HIS ANSWER WAS that I could "count the number of subscribers on file and send to the printer for the printing bills" for any information. I then requested him, as I had not received a statement, to send to me by return mail the book or books in which a full account of receipts and contributions had been kept, also the bank book, check book and vouchers of the Review account, saying that I would prepare a statement and submit it to him for correction before taking it to the committee of friends who were willing to help me. He refused flatly to do this, and I then placed the matter in the hands of my attorney. Finally, one year after his resignation as manager of The Birth Control Review, he sent to my attorney not a financial statement of receipts and expenditures, nor the books, vouchers, etc., but what purported to be a statement of bank deposits and withdrawals by checks which amounted to $4,816.25. Upon obtaining a transcript of this account from the bank, it was found that their account showed deposits and withdrawals to the amount of $5,185.50. That discrepancy is a question between Frederick Blossom and the bank. Much as the money involved is needed in the movement, its loss, if loss there be, is overshadowed by the difficulties, the embarrassment and injury to the movement from his failure to return to The Birth Control Review its documents and to give an accounting of his financial transaction of his stewardship. All that we have to show covering that stewardship of eight months is the report of deposits and withdrawals, which does not agree with the banks and three numbers of The Birth Control Review. This meeting was finally brought to a head by the interjection of the B.C.L. of New York in the matter. An annual meeting of the B.C.L. of New York was called in Frederick Blossom's apartment on May 11th to elect officers. The newly elected officers, of which Hiram Myers was president, Mrs. Eugene Stone, vice-president; Jonah J. Goldstein, treasurer; Elizabeth Stuyvesant, secretary, requested Frederick Blossom, former treasurer of the League, to pass over to its newly elected officers all books, accounts, etc., of the League. This he refused to do, and the treasurer and president issued a complain against him in the district attorney's office.
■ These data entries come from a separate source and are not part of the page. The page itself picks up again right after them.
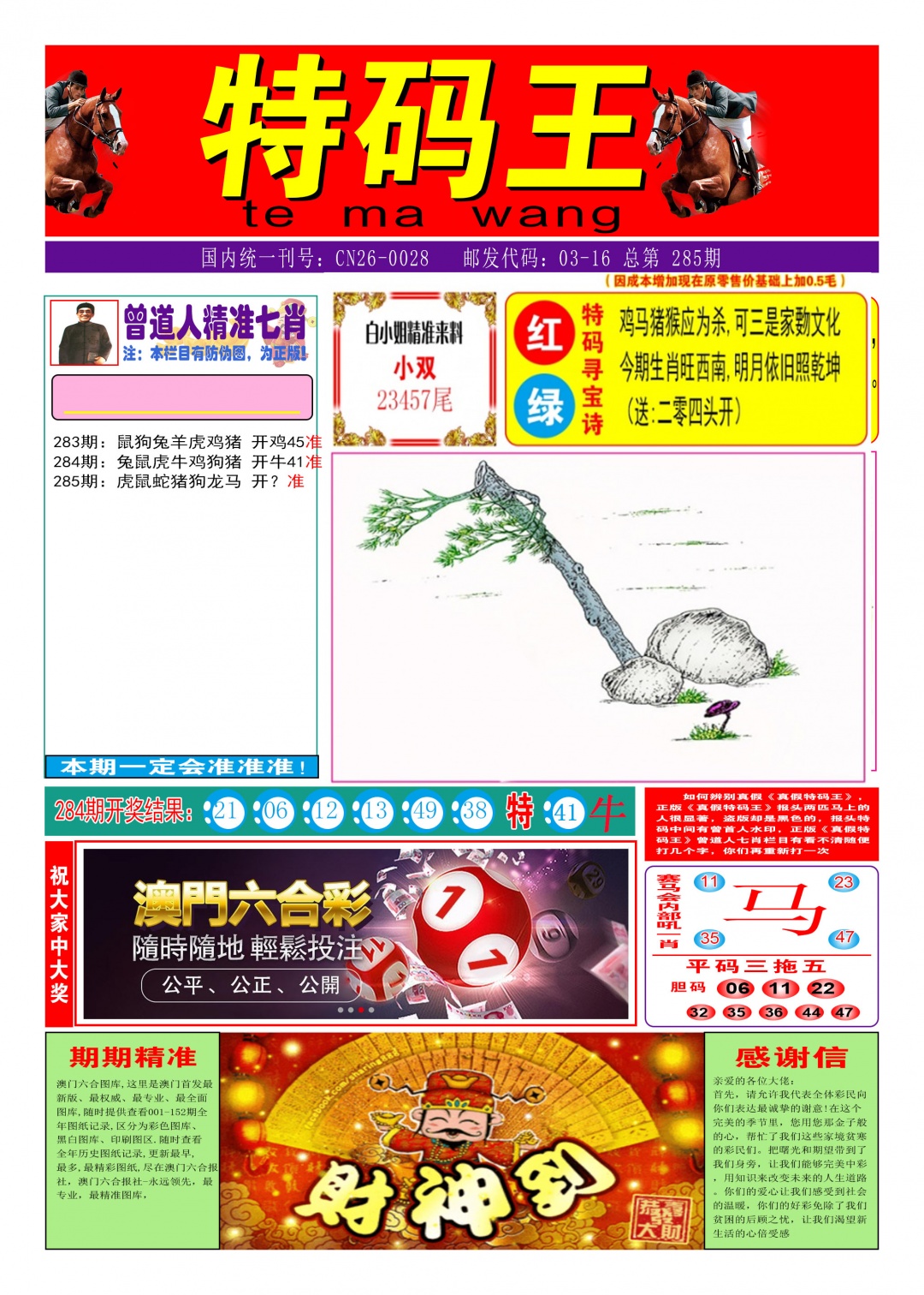 285期:澳门管家婆『特码王 A图』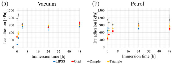Examination of the chemical durability tests indicated that after 1 h of immersion time in acetone, the ice adhesion shear stresses increased significantly in comparison to the initial values for the vacuum-treated samples (Figure 5). In contrast, the petrol-treated samples nearly maintained their initial values even after 1 h of immersion in acetone (LIPSS, grid, and triangle structure). However, the maximum values were reached after 4 h for the vacuum-treated samples (average adhesion of 983 kPa) and after 48 h for the petrol-treated samples (average adhesion of 875 kPa).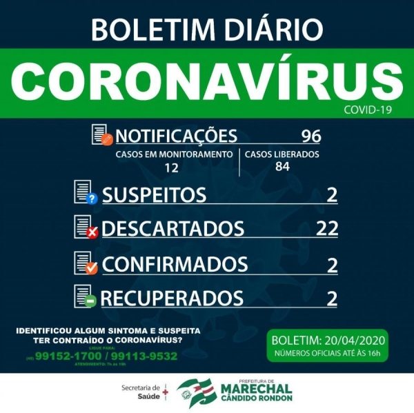 Nesta segunda-feira (20), a Secretaria de Saúde de Marechal Cândido Rondon, por meio do Setor de Vigilância Epidemiológica, divulgou mais um boletim com relação aos números do novo coronavírus.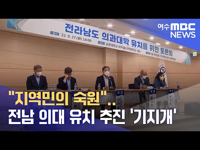 ◀ANC▶ 어제(27) 순천대학교에서는 전남형 국립의과대학의 추진 방향을 논의하는 토론회가 열렸습니다. 새 정부 출범 이후 주춤하던 의과대학 유치 추진 움직임이 다시 기지개를 펴는 모양샙니다. 강서영 기자입니다. ◀VCR▶ 전라남도의회는 어제(27) 순천대학교에서 의과대학 유치 방안을 논의하는 토론회를 열었습니...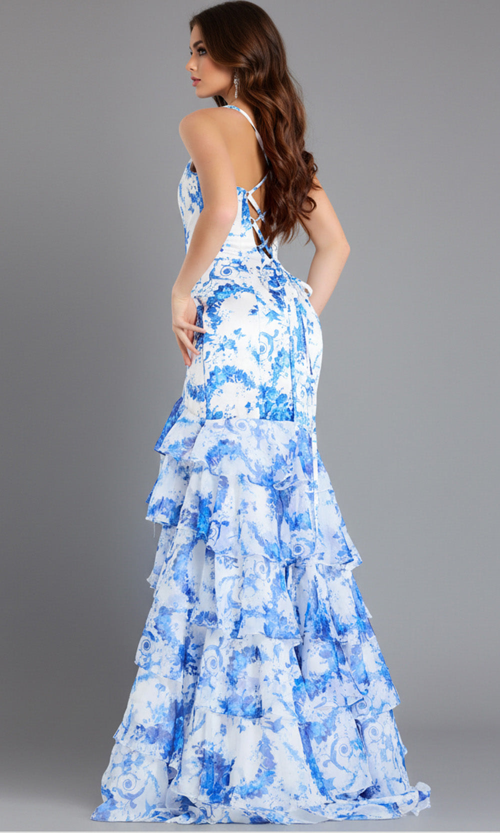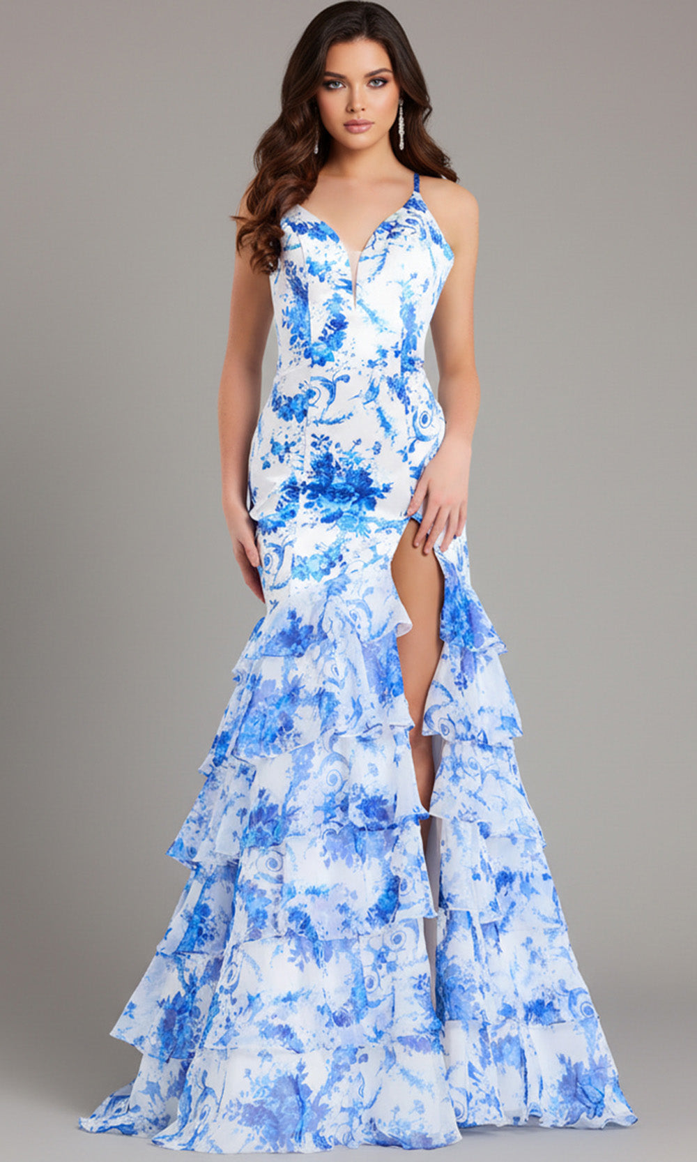 Movement and color intertwine beautifully in Jovani 48331 masterpiece. Its plunging V-neckline elongates the frame while slim spaghetti straps balance the open shoulders. Layer upon layer of soft ruffles give the trumpet skirt dimension, cascading beautifully from hip to hem. A high slit brings a contemporary touch, and the lace-up back ensures a customized fit. The floral print pattern adds vibrancy without overpowering the form, giving the entire piece a refreshing dynamic. Jovani 48331 is perfect for proms or destination celebrations that call for effortless flair. Model is wearing Royal/Print color.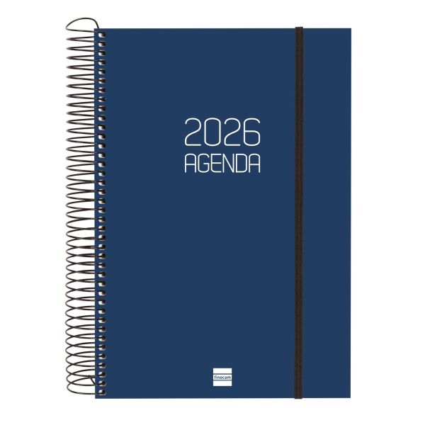 Finocam Opaque Agenda de Espiral en Catalan – Anual 2026 – Tapa Ligera – Cierre con Goma Elastica – Formato E11 – 175x29x242mm – 1 Dia por Pagina – Color Azul
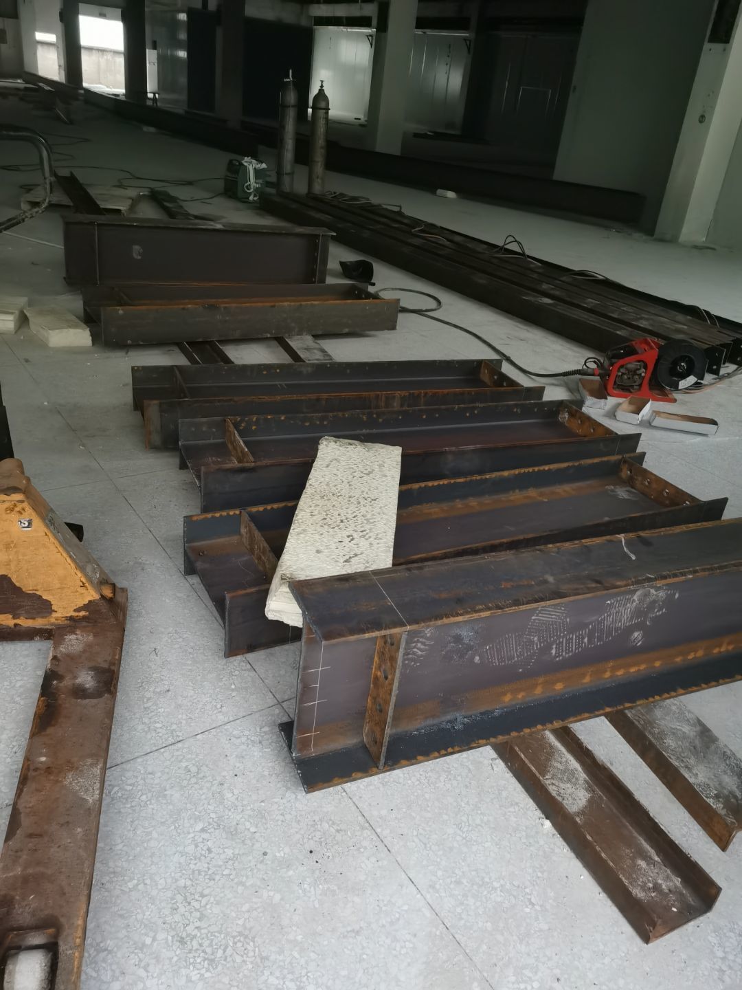 今日鋼構材料進場,鋼構師傅開始下料制作
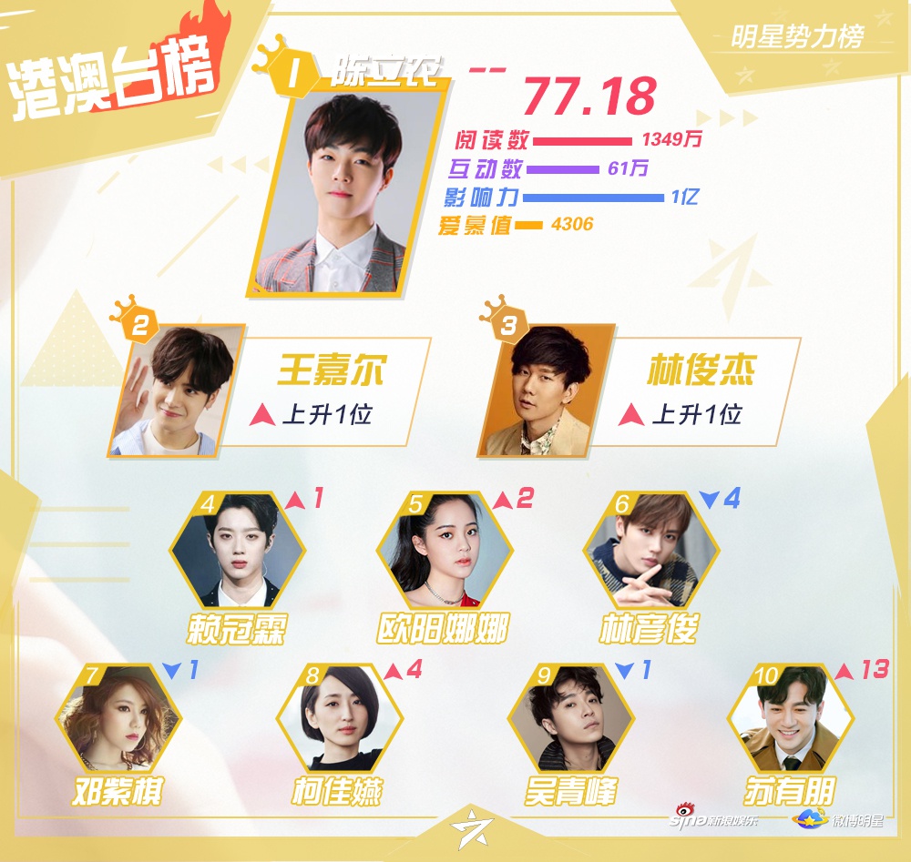 Vừa qua, Sina Entertainment đã công bố Top 10 những nghệ sĩ nổi tiếng, hiện đang hoạt động ở khu vực Đại Lục Trung Quốc, Hong Kong, Macao - Đài Loan, các quốc gia châu Á - Thái Bình Dương, châu Âu - Hoa Kỳ và xếp hạng ngôi sao mới trên mạng xã hội Weibo vào tuần cuối tháng 2.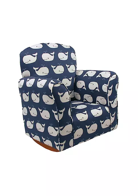 The specially crafted upholstered Kids Cotton Rocking Chair sized with growing toddler’s in mind is sure to be a hit with toddlers and parents alike. Upholstered in high quality, fun, kid friendly fabrics they are easy to clean and look great in any room of the house. Upholstered in kid durable, high quality cotton. Product Dimension: 15.5″Lx22″Wx23.5″H Designed for toddler’s ages 1-4. Product Weight: 15 lbs. Wooden frame for added style. Fabric: Whale Tales Printed Cotton. Country of origin: USA.

IN THE MEANTIME the New York Women's Publishing Co., Inc., had been formed to take over the publishing of the Review and assist me in fulfilling my obligations to subscribers. This statement would have been made earlier, but it could not be made until absolute proof had been given that all obligations included in a year's subscription had been discharged. The Birth Control Review has made good its obligations to its supporters and to the movement--so far as we have been able to ascertain them--even in the absence of the records which Frederick Blossom has as yet not surrendered. If anyone who has paid for a subscription to the Review has not received it, information should be sent to this office at once in order that the unavoidable omission may be made good. Whatever the outcome of the disagreement--personal, petty in the extreme, it does not conflict with the work nor obstruct the goal that is to be reached. Everywhere throughout the country, from the Atlantic to the Pacific, the birth control idea is progressing and the future of the movement is assured.